Señalaron que en algunos casos los cierres se dieron por cuestiones menores como cables expuestos, promociones sin permisos, entre otras irregularidades que, a su parecer, no merecían el cierre.
“Clausuraron porque unos cables estaban de fuera, porque tenías una promoción de 2×1 que no estaba permitida, porque tu carta decía cerveza 60 pesos y a partir de las 8 de la noche cuesta 80, son ejemplos tontos, pero cerraron lugares por detalles así. La consigna era cerrar por los temas de seguridad que estamos viviendo”, dijo.
Sin embargo, en el caso de los establecimientos que se ha dicho, fueron clausurados debido a que operaban con un giro distinto al que su licencia de funcionamiento establecía, dijeron que es un tema de corrupción que no es responsabilidad de los trabajadores, sino del gobierno.
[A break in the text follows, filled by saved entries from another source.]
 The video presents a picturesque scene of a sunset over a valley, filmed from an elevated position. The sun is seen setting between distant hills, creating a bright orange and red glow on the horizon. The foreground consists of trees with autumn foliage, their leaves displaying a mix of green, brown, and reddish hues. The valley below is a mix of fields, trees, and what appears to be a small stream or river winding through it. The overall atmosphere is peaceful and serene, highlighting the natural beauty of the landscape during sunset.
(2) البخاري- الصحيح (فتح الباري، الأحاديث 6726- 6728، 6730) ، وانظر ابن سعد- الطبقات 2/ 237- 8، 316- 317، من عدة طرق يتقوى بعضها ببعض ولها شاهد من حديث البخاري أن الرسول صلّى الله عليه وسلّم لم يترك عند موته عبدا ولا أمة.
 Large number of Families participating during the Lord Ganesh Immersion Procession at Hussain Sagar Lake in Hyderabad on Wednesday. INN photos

“Esos permisos no los dieron los meseros, los capitanes o los dieron los gerentes, no, esos permisos los dio el gobierno, ¿quién permitió operar a esos 70 negocios de forma anómala?, ¿quién fue? Y si, afectan a los 70 dueños, pero también afectan a más de tres mil familias y fue una decisión de ellos, ellos nombraron a alguien que se corrompió, que fue un corrupto”, apuntaron.
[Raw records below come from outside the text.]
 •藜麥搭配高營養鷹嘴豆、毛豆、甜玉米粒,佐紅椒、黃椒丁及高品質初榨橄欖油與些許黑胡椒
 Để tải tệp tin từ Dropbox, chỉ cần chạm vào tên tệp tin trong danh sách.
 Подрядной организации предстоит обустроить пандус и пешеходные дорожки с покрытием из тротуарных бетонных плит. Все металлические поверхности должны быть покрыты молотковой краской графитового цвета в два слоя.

Lo anterior lo dieron a conocer en rueda de prensa ante medios de comunicación, posterior a ello, el secretario de Gobierno, Carlos Alcaraz Gutiérrez, los recibió en su oficina para establecer una mesa de diálogo en la que se acordó, entre otras cuestiones, que al menos 50 establecimientos serán abiertos en fechas próximas.
“Podría ser de forma inmediata (la reapertura), si nos dan tiempo y solucionan estos problemas menores que tenemos en estos lugares, y tenemos los papeles ahorita en regla, abrimos quizá hoy por la tarde o mañana, pero lo que sí podemos asegurar es que, antes del 29 de noviembre, de los 70 lugares, 50 muy probablemente estén abiertos”.